On Jul 10, 2012, at 20:53 , Allen Wirfs-Brock wrote:

> 
> On Jul 10, 2012, at 7:50 PM, Gillam, Richard wrote:
> 
>> Allen--
>> 
>> A few comments on the i18n/Unicode-related stuff in the latest draft:
>> 
>> - p. 1, §2: It seems a little weird here to be specifying a particular version of the Unicode standard but not of ISO 10646.  Down in section 3, you _do_ nail down the version of 10646 and it's long, so I can see why you don't want all this verbiage in section 2 as well, but maybe you want more than you have?
> 
> i'm not sure.  This was Norbert recommendation.  I'm liked want we did in ES5 where we specified version 3.0 as minimum version for which there was guaranteed interoperability but allowed use of more recent versions.  Input on what would make the most sense is appreciated.

Rich's comment was on the lack of any version number for ISO 10646, not on the Unicode version number. We can simplify the statement in clause 2 to "A conforming implementation of this Standard shall interpret characters in conformance with the Unicode Standard and ISO/IEC 10646, both in the versions referenced in clause 3."

>> - p. 14 §6: More substantively, do you really need to go into this level of detail as to what a "Unicode character" is?  I would think you could say something like "ECMAScript source text is a sequence of Unicode abstract code point values (or, in this spec, "Unicode characters").  The actual representation of those characters in bits (e.g., UTF-16 or UTF-32 or even a non-Unicode encoding) is implementation-dependent, but a conforming implementation must process source text as if it were an equivalent sequence of SourceCharacter values."  I think that for the purposes of this spec, how "Unicode code point" maps to a normal human's idea of "character" is irrelevant; you can define "character" to mean the same thing as Unicode means when it says "code point" and be done with it.  (This probably means you can ether get rid of the next paragraph, or at least that that paragraph is entirely informative.)
> 
> First, I have so say that there will probably be some controversy about this section in TC39.  Norbert proposal was that we specify SourceCharacter as always being UTF-16 encoded, while I went in the direction of essentially defining it as abstract characters  identified by code points. No doubt  there will be additional discussion about this.
> 
> There is enough confusion concerning ECMAScript source code (code point vs code unit, UTF-16 or not, etc.) in previous editions, that I wanted to be as clear as possible.  The key point is just that the ECMAScript specification is assigning a meanings to certain Unicode characters/character sequences and that meaning is independent of  file encoding processing that may take place within an implementation.
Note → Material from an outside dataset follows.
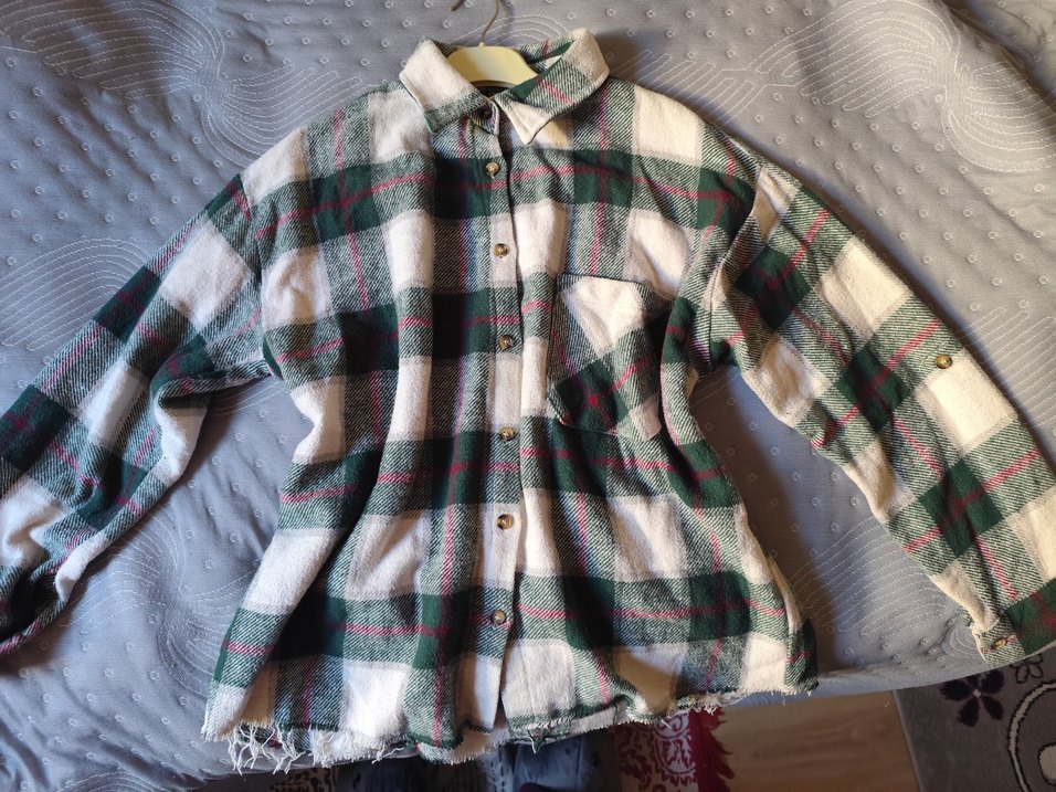 Herhangi bir kusuru yoktur, dikkatli kullanılmıştır. Marka temsilidir. teklifler için mesaj atabilirsiniz❤️ Yeşil kareli, düğmeli, uzun kollu, yakalı ve bol kesim pamuklu kadın gömleği. Rahat ve günlük sokak stili için uygundur. Ön cep detayı bulunur.

I think basing the specification on UTF-16 code units as source code would be easier, but using Unicode code points as the basis isn't wrong either.

We should stay away from the terms "character", "Unicode character", or "Unicode scalar value" however.

For "character", people have different ideas what the term means, and redefining it, as ES5 did, would just add to the confusion.

"Unicode character" is not defined in the Unicode standard, as far as I can tell, but seems to be used in the sense of "code point assigned to abstract character" or possibly "designated code point". With either definition, it would exclude code points reserved for future assignment, such as characters that were added in Unicode 6.1 if your implementation was based on Unicode 5.1. Such a restriction would be a constant source of interoperability problems.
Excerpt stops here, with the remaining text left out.